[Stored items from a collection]
_ _ _

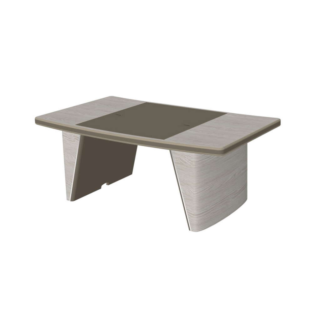 Стол руководителя New.Tone NT-190 выполнен из шпонированного МДФ. Торцы столешницы с эмалевым покрытием декорированы вставками из экокожи. Опоры со съемными панелями, обтянутыми экокожей, декорированы хромированным молдингом. Может комплектоваться подвесным траверсом NT-76.
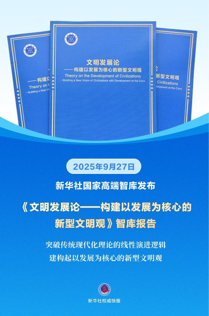 新华社广州9月27日电(记者吉哲鹏、邓瑞璇)27日,新华社国家高端智库在广州召开的习近平文化思想国际学术研讨会上,面向全球发布《文明发展论——构建以发展为核心的新型文明观》智库报告。
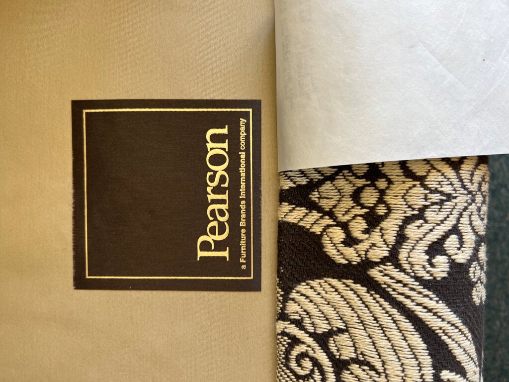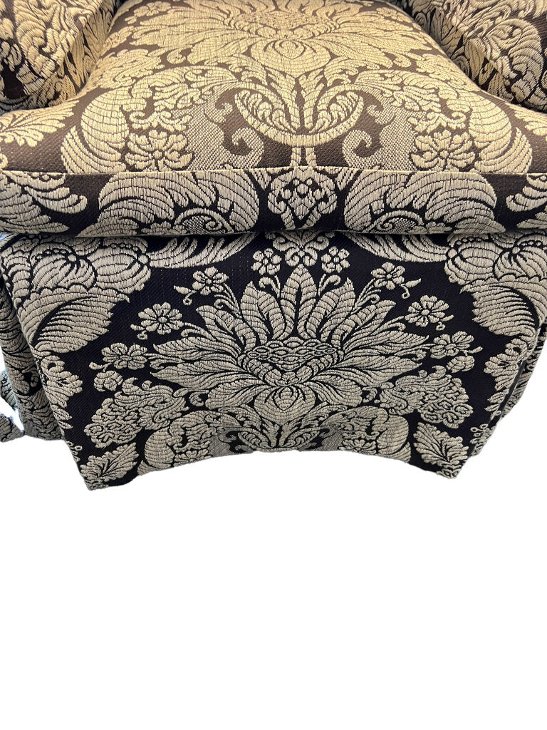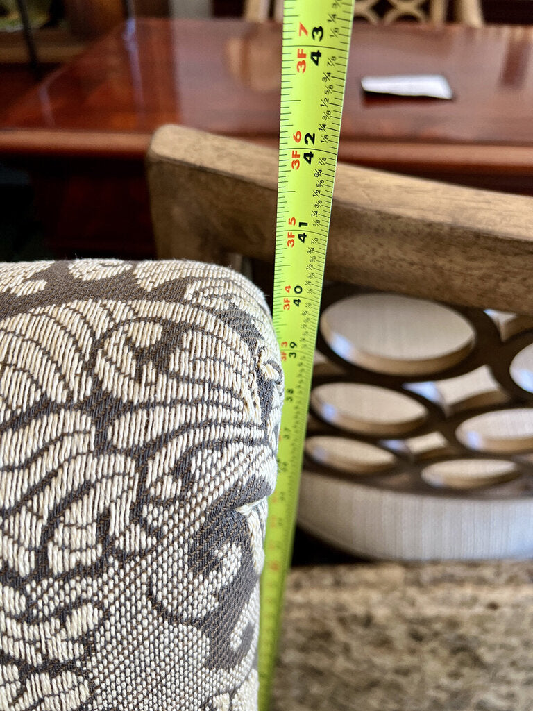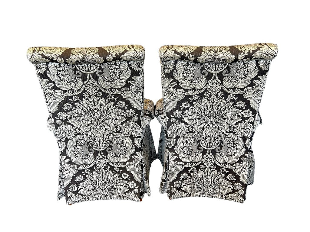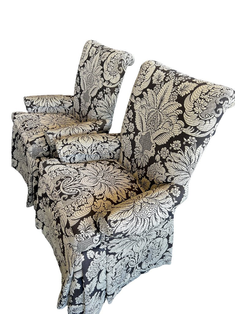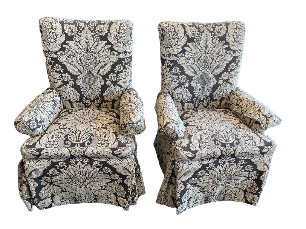 Elegant set of 2 skirted dining chairs, Host and Hostess by Pearson Furniture. The upholstery is perfect tones of beige and greige/brown. Like new condition.
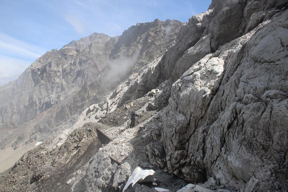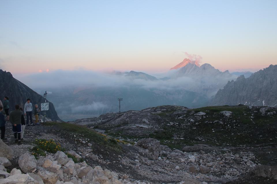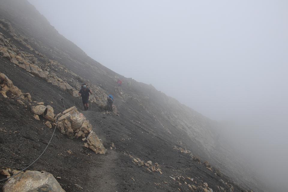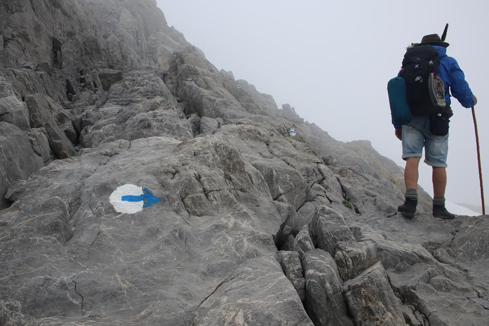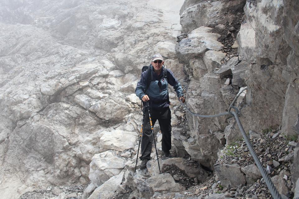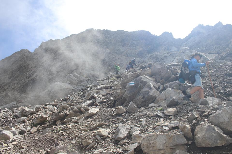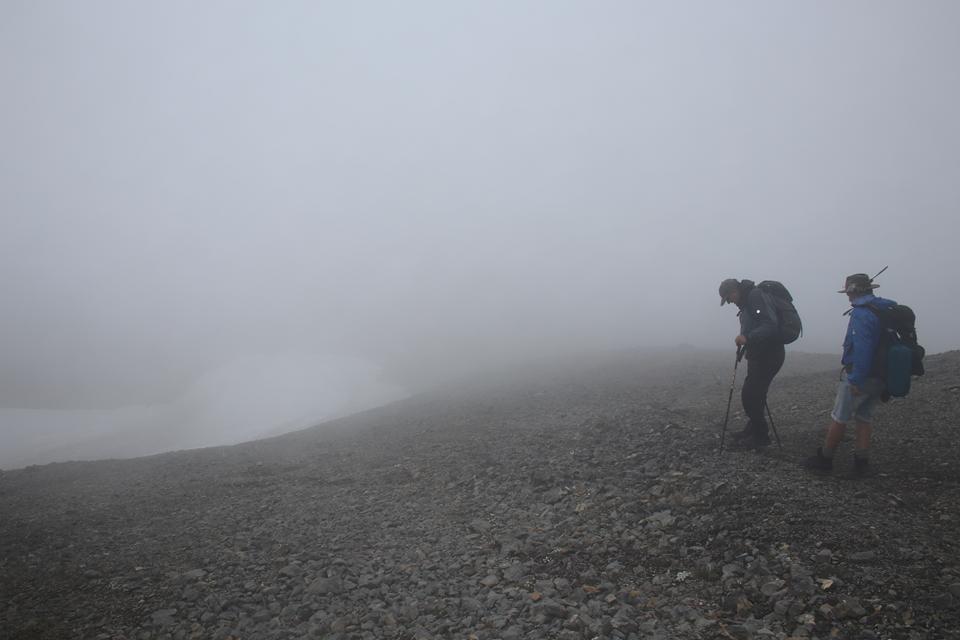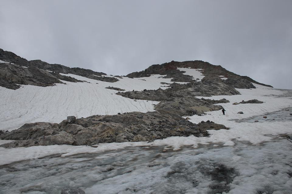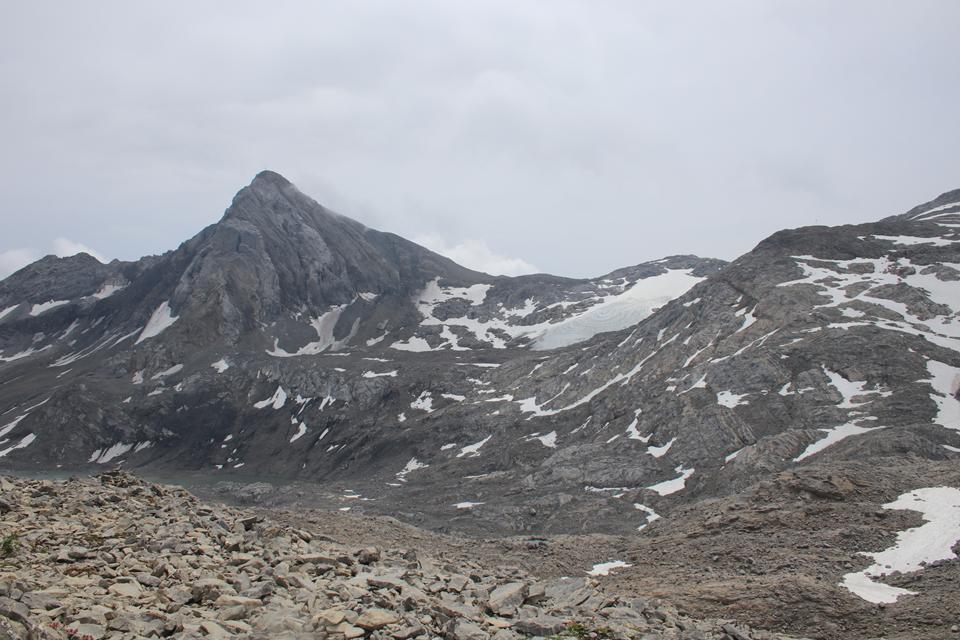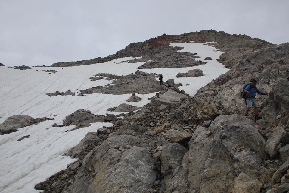 Schnell steigt der Puls an der Körper findet seinen Rhythmus. Altschnee begräbt ab und an den Wanderweg. In einer leichten rechts Kurve steigt es in Richtung des Sattel an. Es wird steiler. Ali führt eine Gruppe an, die ich wenigen Minuten im steileren Gelände überhole. Viel Begangen dieser sehr beliebte Aussichts Berg. Mauri Humprey und Flori schließen sich Ali und Bodo an. Mane und ich gehen unser Tempo. Die Sicht und auch Temperatur nehmen ab, es ist nie schwierig oder Gefährlich, das liegt an der Neigung des Geländes.. Die ersten sind schon im Abstieg wohl die Frühaufsteher. Ein Älterer Herr klebt sich an unsere Verse. Der Puls ganz schön in Fahrt, gutes Training für die Profitour. Toller Blick zurück auf die beiden See und die Hütte. Grau das Gelände, nur wenig Pflanzen gedeiht in dieser Stein Wüste. Unser „Verfolger“ wird um ein Foto gebeten, diesem Wunsch kommt er nach.
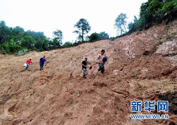 6月16日,参与救灾的干部群众在刚刚发生山体滑坡的斜坡上行进。 6月15日,广西梧州市苍梧县遭遇强降雨袭击,沙头镇双尚村多处发生山体滑坡等地质灾害。其中受灾最严重的瓦两屯有两处发生山体滑坡,多人被掩埋。村部通往瓦两屯的山路随处可见大面积滑坡和塌方,绝大多数路段被山坡上冲下的泥浆掩盖,淤泥最深达半米,救援部队的官兵和干部群众冒着危险,带着救灾物资,徒步在泥泞的山路上艰难前行,赶往事发地。新华社记者 黄孝邦 摄
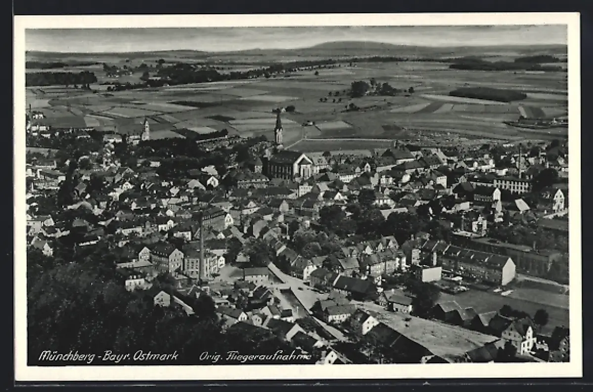 AK Münchberg /Bayr. Ostmark, Fliegeraufnahme des Ortes

_ _ _

How to complete this task: Nothing but the lines from the first line of the data above through the line holding "Elegant set of" may appear in the response, copied exactly and without pictures.

Reply to the task:
 Стол руководителя New.Tone NT-190 выполнен из шпонированного МДФ. Торцы столешницы с эмалевым покрытием декорированы вставками из экокожи. Опоры со съемными панелями, обтянутыми экокожей, декорированы хромированным молдингом. Может комплектоваться подвесным траверсом NT-76.
 新华社广州9月27日电(记者吉哲鹏、邓瑞璇)27日,新华社国家高端智库在广州召开的习近平文化思想国际学术研讨会上,面向全球发布《文明发展论——构建以发展为核心的新型文明观》智库报告。
 Elegant set of 2 skirted dining chairs, Host and Hostess by Pearson Furniture. The upholstery is perfect tones of beige and greige/brown. Like new condition.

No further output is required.